Александр Блок, называя Тютчева «самой ночной душой», имел в виду прежде всего его поэзию. Но могут ли стихи быть оторваны от жизни, от судьбы поэта? Тем более такой жизни, как у Тютчева: почти все его биографы[4] говорят о том, что поэзия для него была естественным продолжением его жизни, его стихи – это события самой этой жизни, органически выливавшейся в стихотворные формы. «Ночная душа» – определение всего мирочувствования поэта, его взаимоотношений с жизнью. Трагедия души ищет выражения в ночных мотивах поэзии. Отчаяние и тревога находят минутное успокоение в гармонии с изнанкой дня и света – во мраке ночи и тусклом звездном мерцании.
Но отчего такое обостренное восприятие жизни? Детство Тютчева было почти идиллическим: стародворянская усадьба в орловской губернии с ее патриархальным бытом, любящие родители, больше других детей отличавшие баловня Феденьку, беззаботные годы учебы в Московском университете.[5] В зрелые годы внешние обстоятельства отнюдь не мешали Тютчеву жить уверенной жизнью крупного столичного чиновника,[6] как не мешали ему блистать в светских гостиных, быть близким к придворным кругам («всеобщий любимец и баловень, enfant terrible русского двора», – писал о нем позже его сын Ф.Ф.Тютчев[7]), завоевывать внимание и благосклонность салонных красавиц.
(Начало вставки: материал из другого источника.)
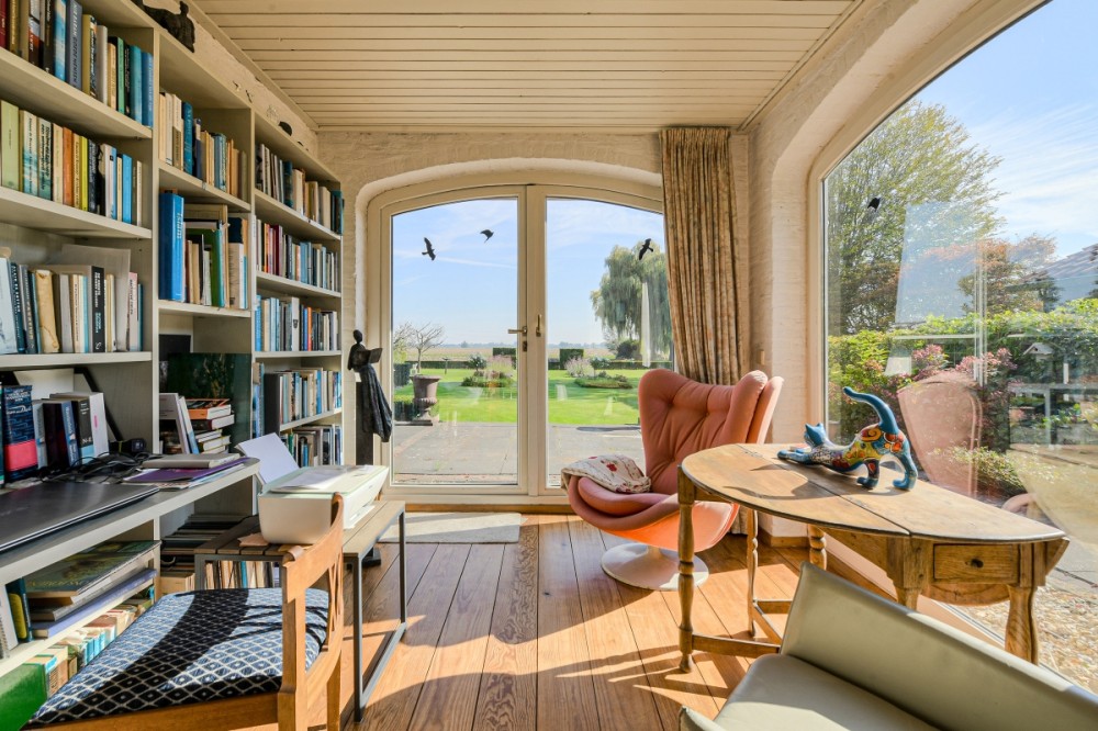 Aansluitend aan de achterzijde bevindt zich een heerlijke tuinkamer, met een grote raampartij en toegang naar het terras, een fijne plek om in alle seizoenen van het buitenleven te genieten.

Не материальные же затруднения, с молодых лет сопровождавшие Федора Ивановича, были виной его трагического мироощущения!
Может быть, все дело в печати гения, дара не от мира сего, которым Тютчев был отмечен с детства? Ведь «должность» гения, на которую человек определяется задолго до своего рождения, отнюдь не синекура. И не всем удается донести эту ношу до конца. Многих она сгибает, ломает и плющит своей тяжестью. И главное – она не позволяет свернуть с дороги, намеченной кем-то свыше. Тютчев, очевидно, был одним из лишенных права распоряжаться собой носителей Дара. Или, пользуясь словом самого поэта, отмеченных роком. Этим словом Федор Иванович обозначает многое – оно встречается часто, слишком часто в его стихах и письмах: судьбу, страдание, первостихию, предопределение, смерть. Но чаще всего – это первое и последнее: судьба и смерть, начало и конец, две крайние точки пути.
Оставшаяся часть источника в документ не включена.